Мы ждали около трех часов. Говорили о разных пустяках, и к концу дня, как раз перед самым появлением его друга, я рассказал ему об одном случае, свидетелем которого стал несколькими днями раньше.

В дороге моя машина сломалась на окраине одного города, и мне пришлось задержаться там на три дня, пока ее ремонтировали. Напротив автомастерской был мотель, но окраины всегда действовали на меня удручающе, поэтому я остановился в современной восьмиэтажной гостинице в центре города.

Коридорный сказал мне, что в отеле есть ресторан, а когда я спустился туда поесть, оказалось, что столики есть и снаружи, на тротуаре. Они довольно красиво располагались на углу улицы под низкими кирпичными арками современных форм. Снаружи было прохладно, и столики были свободны, однако я предпочел устроиться в душном помещении. Входя, я заметил, что на краю тротуара перед рестораном сидит группа мальчишек-чистильщиков обуви; я был уверен, что они привязались бы ко мне, сядь я за один из наружных столиков.

Со своего места я мог видеть этих мальчишек через оконное стекло. Пара молодых людей заняла столик, и мальчишки окружили их, предлагая почистить обувь. Молодые люди отказались, и, к моему удивлению, мальчишки не стали настаивать, а вернулись и сели на свое место. Вскоре трое мужчин в деловых костюмах поднялись и ушли, и мальчишки, подбежав к столику, занялись остатками пищи. Через несколько секунд тарелки были чистыми. То же самое повторилось и с объедками на всех остальных столах.
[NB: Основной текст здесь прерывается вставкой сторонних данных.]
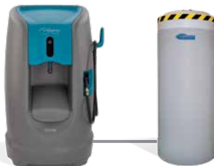
DEPÓSITO AUXILIAR 500 L

Personalice el sistema Orbio® 5000-Sc para su instalación y procesos de limpieza. Los depósitos auxiliares amplían el volumen de solución que puede almacenar. Los carros de transporte de solución transportan un gran volumen de MultiSurface Cleaner a estaciones de trabajo remotas.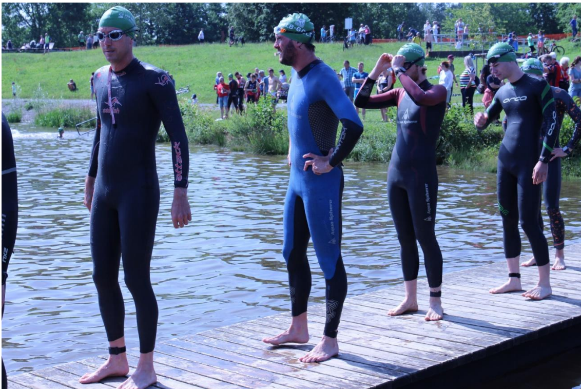
Welzheim war einer der wenigen Veranstalter, die auch 2021 einen Wettkampf organisierten. Hier die Aufstellung zum Start der Landesliga Nord – schön mit Abstand!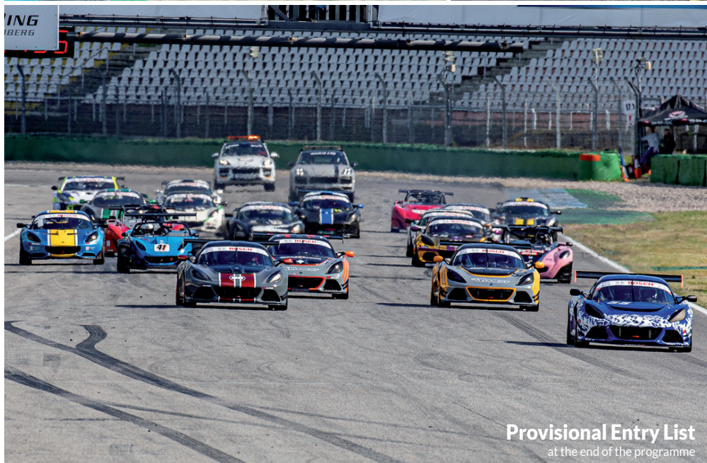
Provisional Entry List at the end of the programme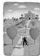
ZATANCUJ SI SE MNOU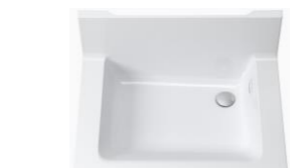
洗面ボウル一体カウンター(実容量12L)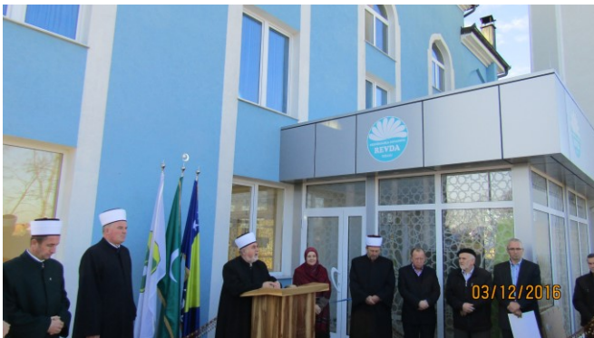
Završeni radovi na adaptaciji prostora u suterenu Kutahya džamije i svečano otvoreno obdanište „REVDA“- 03.12.2016.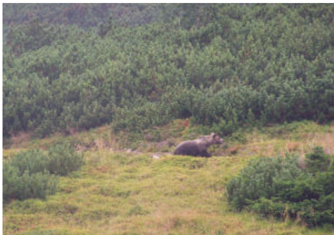
Na górskim szlaku spotkaliśmy niedźwiedzia

W niedzielę po śniadaniu i pożegnaniu się z gospodarzami, udaliśmy się na Mszę Świętą w kaplicy w Białym Dunajcu. Następnie w naszym programie były Termy Podhalańskie, gdzie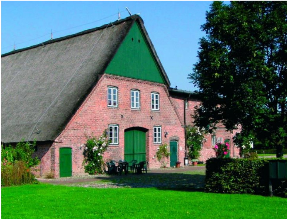
Heimathaus in Tornesch-Esingen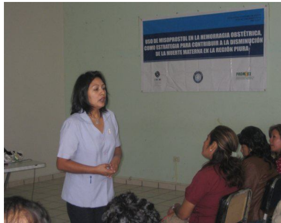
Coordinadora de la Estrategia de Salud Sexual y Reproductiva

La Estrategia Sanitaria de Salud Sexual y Reproductiva brindó facilidades para la capacitación al personal profesional de 11 micro redes de salud en “Uso del Misoprostol como estrategia para la reducción de la Muerte Materna”. El personal capacitado fue de los siguientes grupos profesionales: Médicos ginecólogos, 05 profesionales; Médicos generales, 35 profesionales; y Obstetras, 60 profesionales.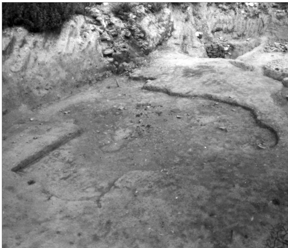
Obr. 3. Pohled na vypreparovaný objekt 2, středoviště nepravidelného tvaru. Pohled od západu, 1979.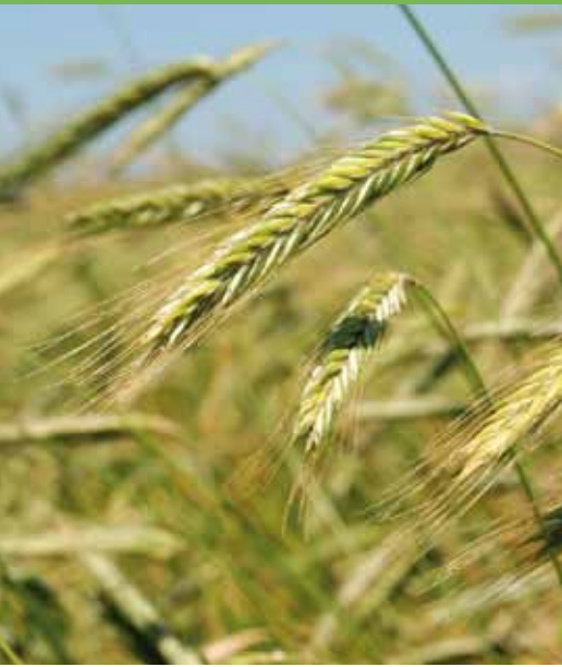
Naast grasklaver teelt Ormel nog 6 hectare zomergraan dat hij geplet aan de koeien voert

ik heb ook heel weinig kosten. Ik hoef bijna niet te maaien en rijd alleen in het voorjaar mest uit.' Naast grasklaver teelt de melkveehouder nog 6 hectare zomergraan dat hij geplet aan de koeien voert. De teelt rouleert over het bedrijf. Extra krachtvoer is niet nodig. De koeien kalven allemaal in het voorjaar af. Ormel: "Het is goedkoper om met de natuur mee te werken. Als het gras begint te groeien, heb je de beste kwaliteit. Precies op het moment dat de koeien dat het meest nodig hebben. Kalven ze in het najaar af, dan moet je krachtvoer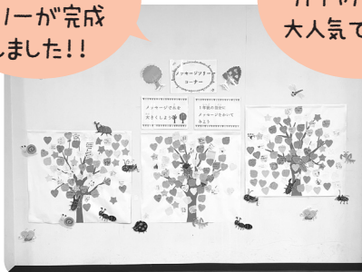
メッセージツリー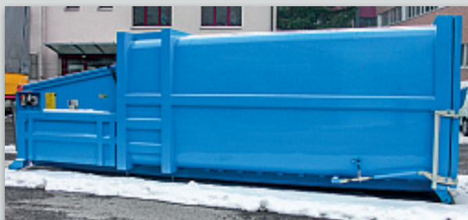
Sperrmüllpresse – verstärkte Ausführung für Sperrmüll.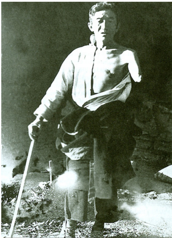
F.d. livegen som fått sin arm stympad av sin ägare.

berg (en god lama får inte själv mörda så de lät "berget" göra jobbet istället) osv. Det bör även påtalas att ipp emot 1/4 av alla tibetanska män blev munkar (de flesta blev undertryckta fattigmunkar och rangen berodde på ens klassursprung), och att resten av folket därför måste arbeta både för sin egen överlevnad och för denna kolossala mängd ickeproduktiva munkarnas försörjning, som dessutom fordrade enorma kvantiteter av exempelvis jaksmör för tempelbelysning, rökelse och andra "heliga" ting. Som om det inte var nog med detta så fanns det religiösa påbud om att "marken är helgad" och man kunde följaktligen inte plöja jorden mer än 10 cm djupt för att inte "störa jordandarna", eller att det var förbjudet att nyttja hjulet i annat syfte än som bönehjul.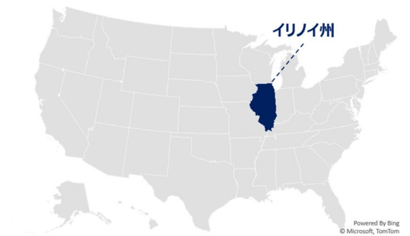
図2 イリノイ州の位置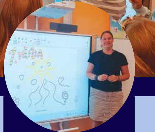
Nové vybavení nabízí jiné možnosti výuky.

Výuka v novém žáky nesmírně baví a užívají si ji každým dnem. Na podnět ro-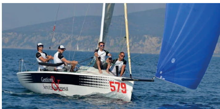
2° Tappa Melges 24 European Sailing Series, due ottimi 7 posti durante le regate. 27/29 Aprile..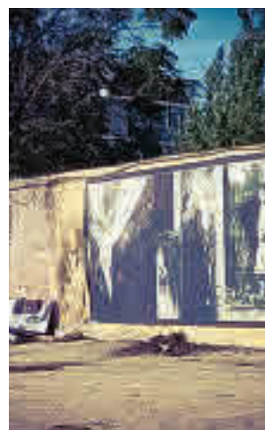
La lona, tras el incendio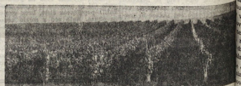
LEPI VINOGRADI V ISTRI

4. S prenašanjem čebel. — Nekateri čebelarji pomažejo pitalno koritce z medom, položijo ga zvečer na okno plemenjaka in ga čez nekaj minut, ko je koritce polno čebel, odvzamejo in takoj vtaknejo slabiču pod gnezdo. Mlade čebele ostanejo v novem domu, stare pa drugi dan odletijo v svoje prejšnje domovanje, ne da bi kaj žalega sto-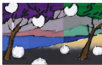
SZINYOVA Gergő: Untitled (The Last Undiscovered Place) , 2021, akril, vászon, 100×140 cm

Szinyova Gergő kiállítása Kisterem, 2021. április 29. – június 4.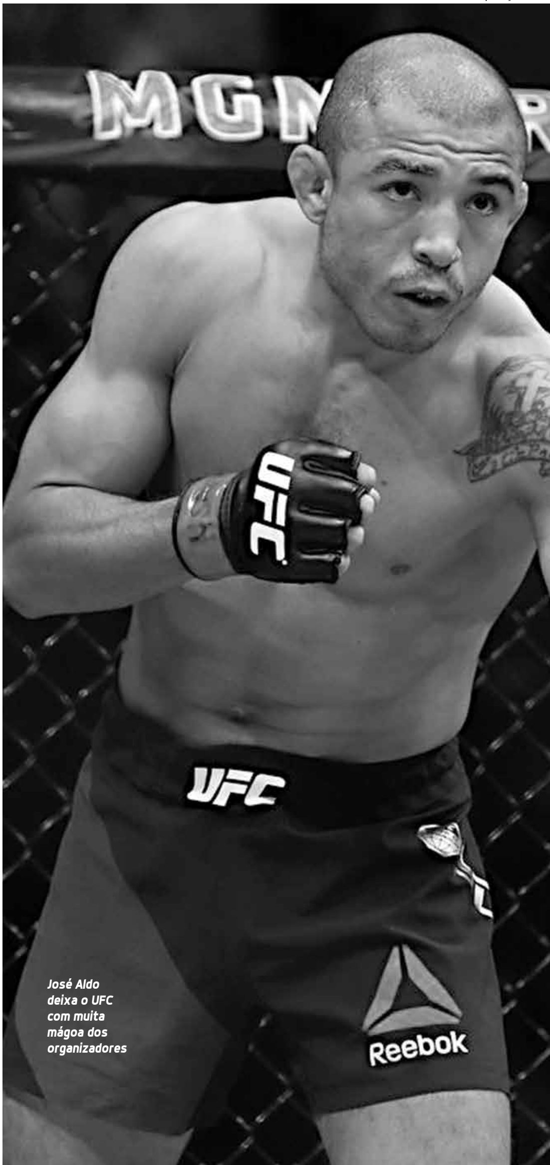
José Aldo deixa o UFC com muita mágoa dos organizadores

Aldo ainda reiterou que deseja parar de lutar e, mais uma vez, recusou a hipótese de competir em algum outro evento de artes marciais mistas. "Não vou sair do maior campeonato do mundo para jogar em uma Segunda Divisão. Sou um time grande, quero sempre estar no melhor lugar do mundo. Se não for para estar no UFC, não luto mais em lugar nenhum".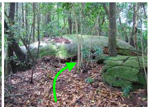
ナマコ岩 の右を抜ける。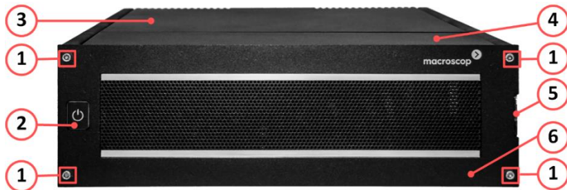
Рисунок 1. Вид спереди

Я заметил, что дети были очень аккуратны — пролив воду, они вытирали ее своими фланельками для чистки обуви. Еще я отметил тщательность, с которой они уничтожали объедки. Они съели даже кубики льда, оставшиеся в стаканах, лимонные дольки из чая, кожуру и все прочее. Не осталось абсолютно ничего.

За то время, что я пробыл в отеле, выяснилось, что между детьми и хозяином ресторана существует соглашение: детям позволено околачиваться у заведения, чтобы заработать немного денег у посетителей и доедать остатки пищи на столиках — с условием, что они никого не рассердят и ничего не разобьют. Всего их было одиннадцать, в возрасте от пяти до двенадцати лет; старший, однако, держался особняком от остальной группы. Они намеренно отгоняли его, распевая издевательскую дразнилку, в которой говорилось, что у него уже есть волосы на лобке и он слишком стар, чтобы находиться среди них.

После трех дней наблюдения за тем, как они подобно стервятникам бросались на самые непривлекательные объедки, я искренне расстроился и покинул город с чувством, что для этих детей нет никакой надежды, что их мир уже сформирован ежедневной борьбой за крохи пищи.

— Ты их жалеешь? — воскликнул дон Хуан.

— Конечно, — сказал я.

— Почему?

— Потому что я озабочен благополучием окружающих меня людей. Это дети, а их мир уродлив и жалок.

— Подожди! Подожди! Как ты можешь говорить, что их мир уродлив и жалок? — спросил дон Хуан, передразнивая мои слова. — Ты думаешь, что твои дела обстоят лучше?

Я сказал, что думаю; тогда он спросил, почему. Я ответил, что по сравнению с миром этих детей мой мир бесконечно более разнообразен, богат переживаниями и возможностями для личного удовлетворения и развития. Смех дона Хуана был искренним и дружеским. Он сказал, что я неосторожен в своих высказываниях и что у меня нет возможности измерить богатство и возможности мира этих детей.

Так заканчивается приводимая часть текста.